Still, it nags me a bit, copying the map just to get a new map with a few k->v entries tacked onto it.
I could go mutable and params.put("bar", bar), etc. for the entries I want to tack on, and then params.toMap to convert to immutable for the api call, that is an option. but then I have to import and pass around mutable maps, which is a bit of hassle compared to going with Scala's default immutable Map.
So, what are the general guidelines for when it is justified/good practice to use mutable Map over immutable Maps?
Thanks
EDIT
so, it appears that an add operation on an immutable map takes near constant time, confirming #dhg's and #Nicolas's assertion that a full copy is not made, which solves the problem for the concrete case presented.
Depending on the immutable Map implementation, adding a few entries may not actually copy the entire original Map. This is one of the advantages to the immutable data structure approach: Scala will try to get away with copying as little as possible.
This kind of behavior is easiest to see with a List. If I have a val a = List(1,2,3), then that list is stored in memory.
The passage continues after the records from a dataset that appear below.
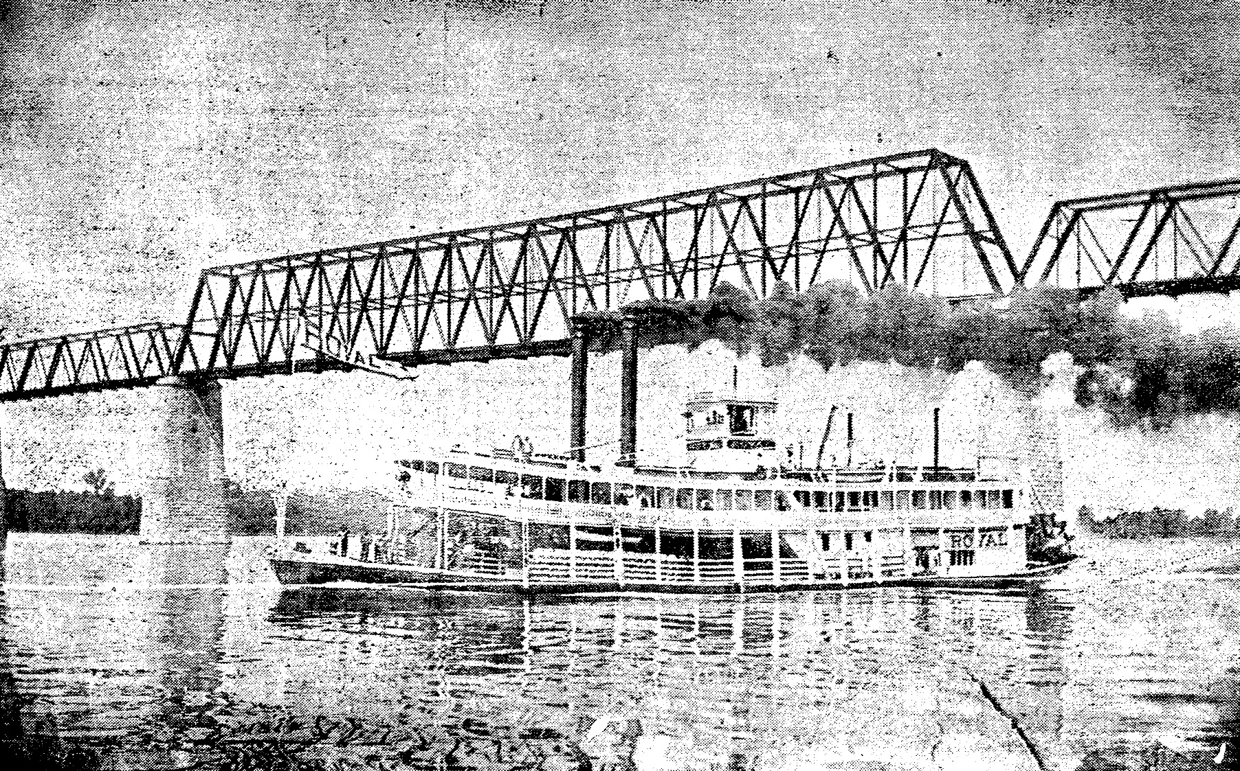 Louisville and Nashville Railroad (L&N) Bridge in Henderson, Kentucky (1893)
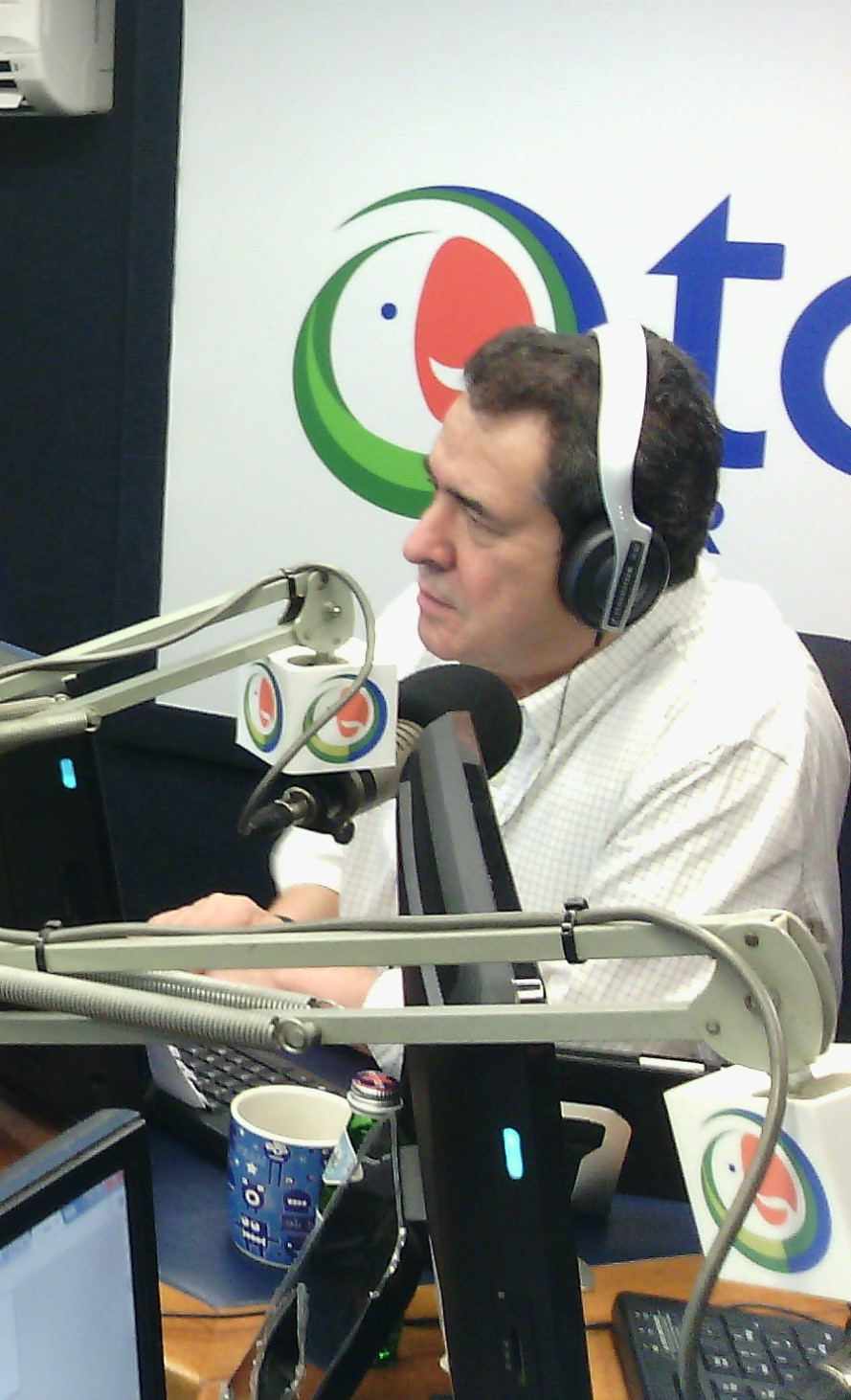 Colombian journalist Edgar Artunduaga at Todelar Radio
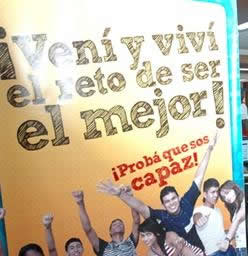 Campaña de la alcaldia de la ciudad de Santiago de Cali
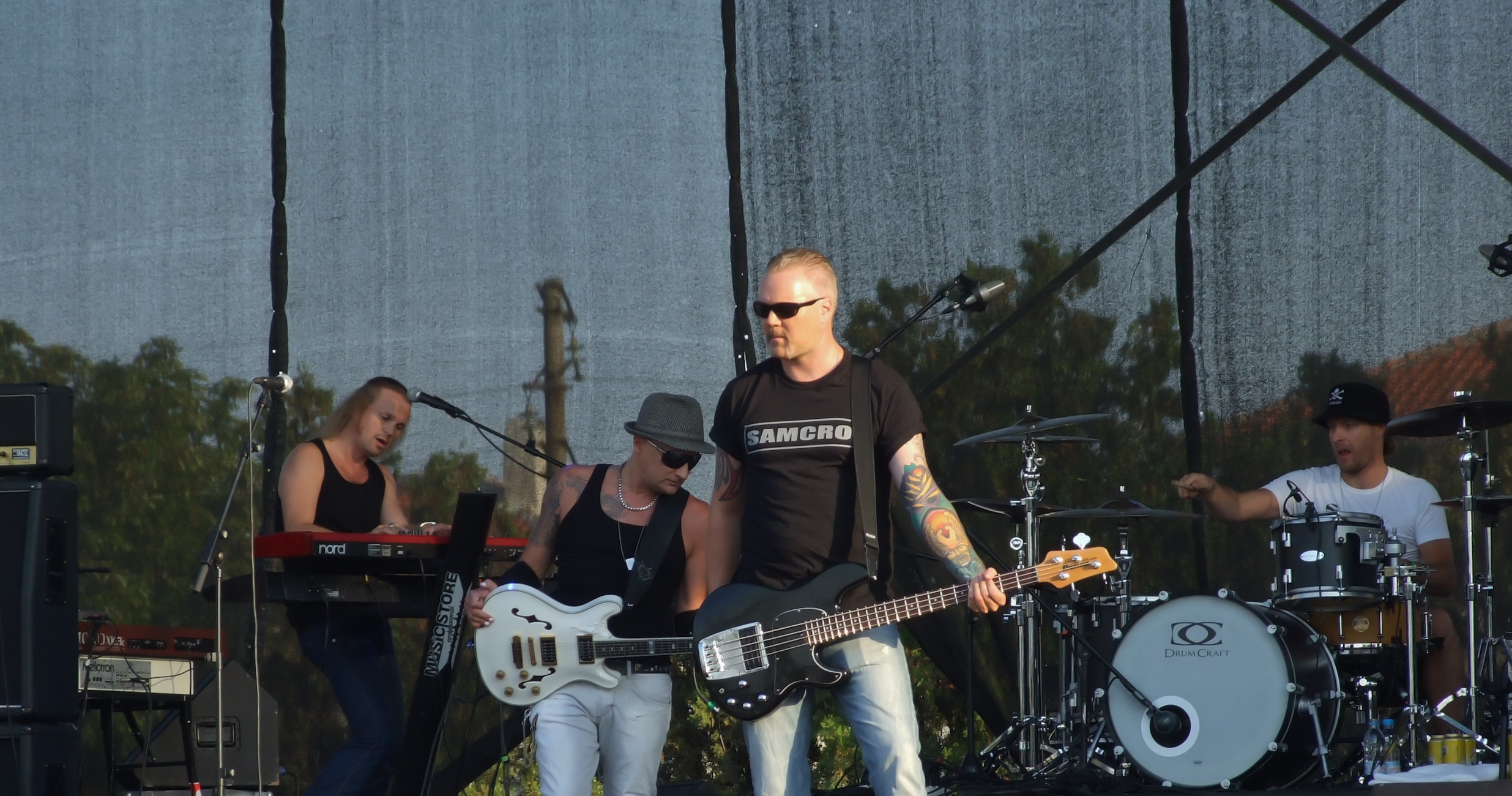 The Swedish rock band Tiamat at Kavarna Rock Fest 2011, Bulgaria.

However, if I prepend an additional element like val b = 0 :: a, I do get a new 4-element List back, but Scala did not copy the orignal list a. Instead, we just created one new link, called it b, and gave it a pointer to the existing List a.
You can envision strategies like this for other kinds of collections as well. For example, if I add one element to a Map, the collection could simply wrap the existing map, falling back to it when needed, all while providing an API as if it were a single Map.
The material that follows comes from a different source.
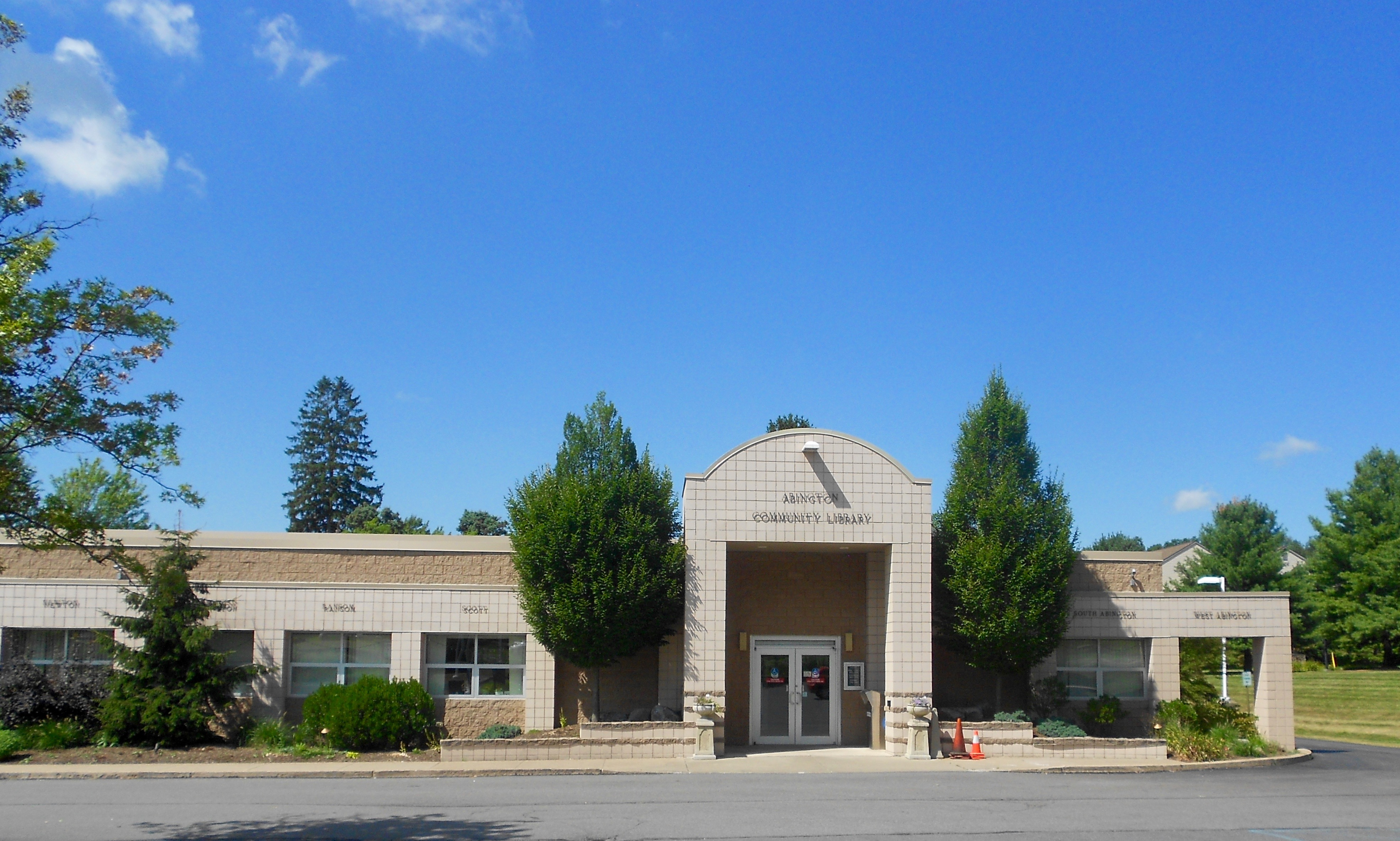 Abingtons Community Library in Clarks Summit, Lackawanna County, Pennsylvania. Serves surrounding communities as well.

Using a mutable object is not bad in itself, it becomes bad in a functional programming environment, where you try to avoid side-effects by keeping functions pure and objects immutable.
However, if you create a mutable object inside a function and modify this object, the function is still pure if you don't release a reference to this object outside the function. It is acceptable to have code like:
def buildVector( x: Double, y: Double, z: Double ): Vector[Double] = {
val ary = Array.ofDim[Double]( 3 )
ary( 0 ) = x
ary( 1 ) = y
ary( 2 ) = z
ary.toVector
}
Now, I think this approach is useful/recommended in two cases: (1) Performance, if creating and modifying an immutable object is a bottleneck of your whole application; (2) Code readability, because sometimes it's easier to modify a complex object in place (rather than resorting to lenses, zippers, etc.)
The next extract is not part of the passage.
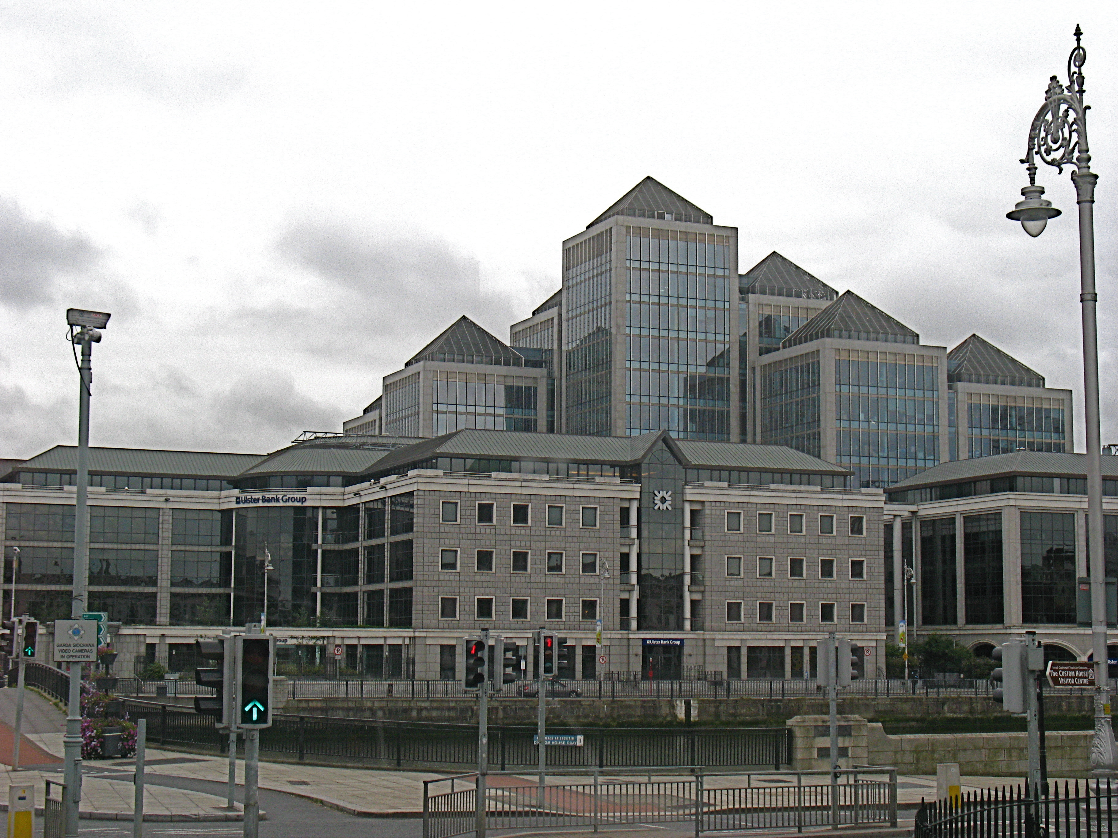 A view of the Headquarters of Ulster Bank on Georges Quay in Dublin.

In addition to dhg's answer, you can take a look to the performance of the scala collections. If an add/remove operation doesn't take a linear time, it must do something else than just simply copying the entire structure. (Note that the converse is not true: it's not beacuase it takes linear time that your copying the whole structure)
I like to use collections.maps as the declared parameter types (input or return values) rather than mutable or immutable maps. The Collections maps are immutable interfaces that work for both types of implementations. A consumer method using a map really doesn't need to know about a map implementation or how it was constructed. (It's really none of its business anyway).
If you go with the approach of hiding a map's particular construction (be it mutable or immutable) from the consumers who use it then you're still getting an essentially immutable map downstream. And by using collection.Map as an immutable interface you completely remove all the ".toMap" inefficiency that you would have with consumers written to use immutable.Map typed objects. Having to convert a completely constructed map into another one simply to comply to an interface not supported by the first one really is absolutely unnecessary overhead when you think about it.
I suspect in a few years from now we'll look back at the three separate sets of interfaces (mutable maps, immutable maps, and collections maps) and realize that 99% of the time only 2 are really needed (mutable and collections) and that using the (unfortunately) default immutable map interface really adds a lot of unnecessary overhead for the "Scalable Language".